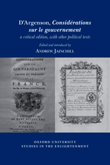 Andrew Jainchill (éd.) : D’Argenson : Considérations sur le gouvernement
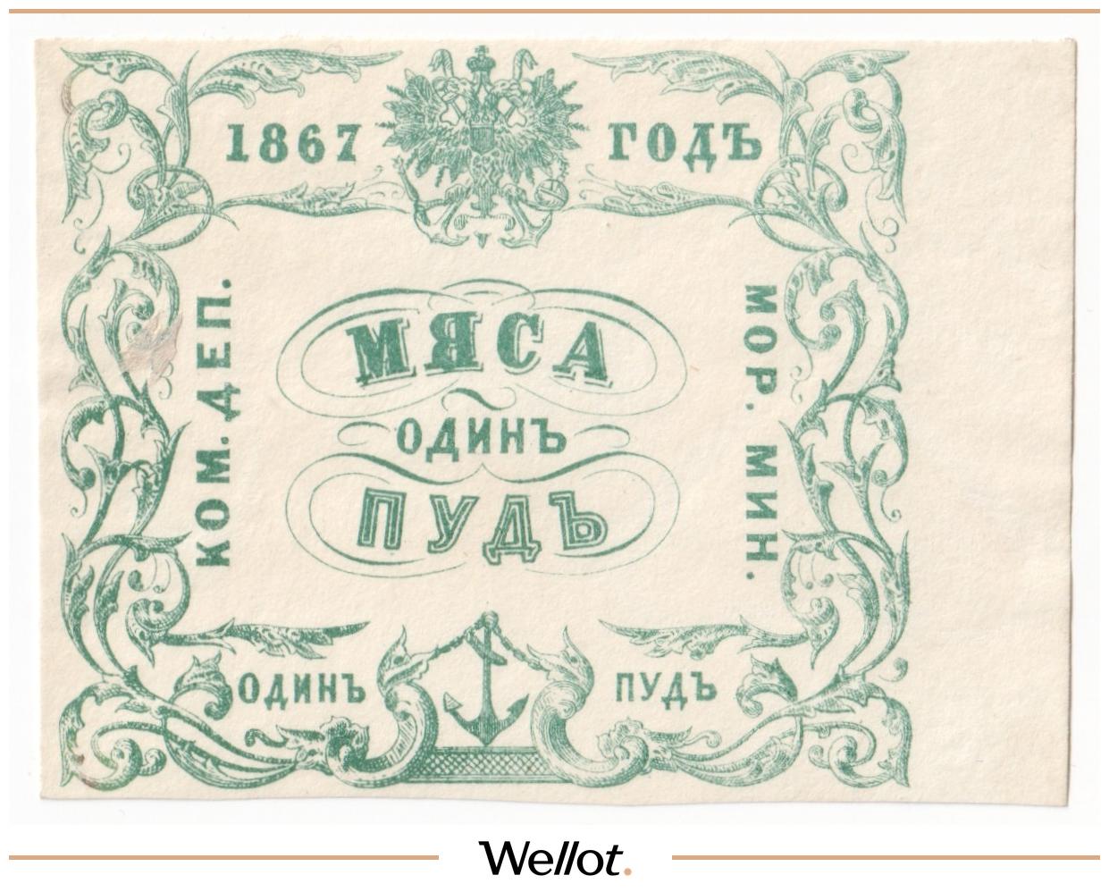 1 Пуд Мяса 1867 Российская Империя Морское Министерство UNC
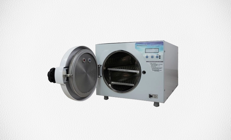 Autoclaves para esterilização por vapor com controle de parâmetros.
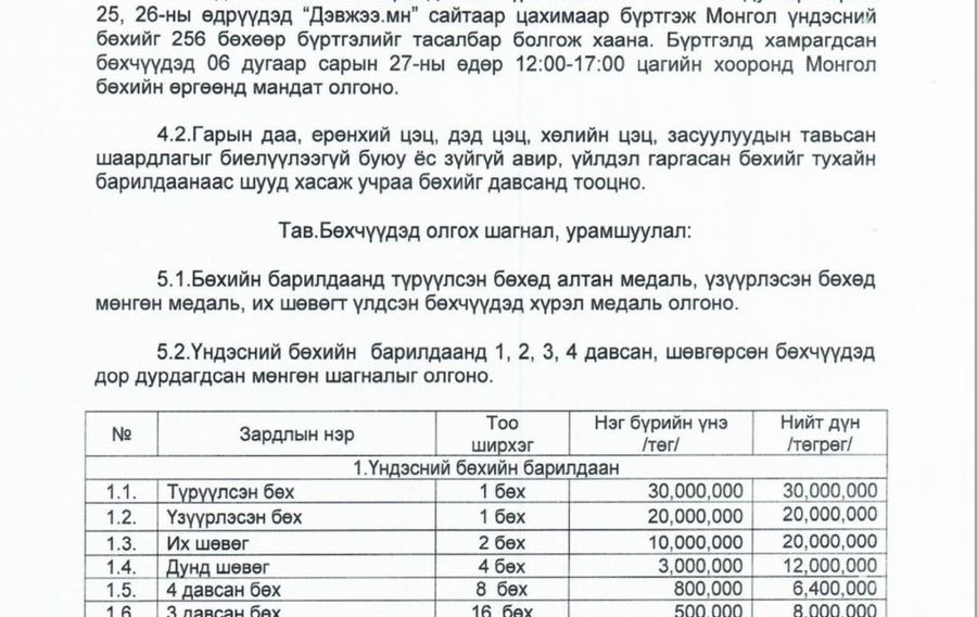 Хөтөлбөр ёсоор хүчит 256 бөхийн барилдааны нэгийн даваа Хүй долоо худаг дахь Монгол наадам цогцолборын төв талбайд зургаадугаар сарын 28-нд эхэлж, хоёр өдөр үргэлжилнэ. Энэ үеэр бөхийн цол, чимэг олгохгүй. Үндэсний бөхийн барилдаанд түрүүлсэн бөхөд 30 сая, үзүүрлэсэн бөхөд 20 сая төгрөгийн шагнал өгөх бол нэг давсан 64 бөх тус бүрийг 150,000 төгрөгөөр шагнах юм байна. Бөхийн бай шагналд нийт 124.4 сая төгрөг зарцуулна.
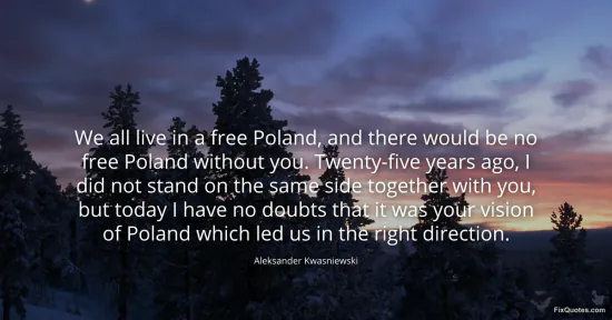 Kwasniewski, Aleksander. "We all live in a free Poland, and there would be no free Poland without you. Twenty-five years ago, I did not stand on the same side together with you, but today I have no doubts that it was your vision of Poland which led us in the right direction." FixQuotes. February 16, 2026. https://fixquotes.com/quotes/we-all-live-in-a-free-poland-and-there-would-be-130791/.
·····
→ **INSTRUCTIONS TO FOLLOW**:
Without the pictures, repeat the listing exactly as it reads.

→ **RESULT OF THE TASK**:
 Andrew Jainchill (éd.) : D’Argenson : Considérations sur le gouvernement
 1 Пуд Мяса 1867 Российская Империя Морское Министерство UNC
 Autoclaves para esterilização por vapor com controle de parâmetros.
 Хөтөлбөр ёсоор хүчит 256 бөхийн барилдааны нэгийн даваа Хүй долоо худаг дахь Монгол наадам цогцолборын төв талбайд зургаадугаар сарын 28-нд эхэлж, хоёр өдөр үргэлжилнэ. Энэ үеэр бөхийн цол, чимэг олгохгүй. Үндэсний бөхийн барилдаанд түрүүлсэн бөхөд 30 сая, үзүүрлэсэн бөхөд 20 сая төгрөгийн шагнал өгөх бол нэг давсан 64 бөх тус бүрийг 150,000 төгрөгөөр шагнах юм байна. Бөхийн бай шагналд нийт 124.4 сая төгрөг зарцуулна.
 Kwasniewski, Aleksander. "We all live in a free Poland, and there would be no free Poland without you. Twenty-five years ago, I did not stand on the same side together with you, but today I have no doubts that it was your vision of Poland which led us in the right direction." FixQuotes. February 16, 2026. https://fixquotes.com/quotes/we-all-live-in-a-free-poland-and-there-would-be-130791/.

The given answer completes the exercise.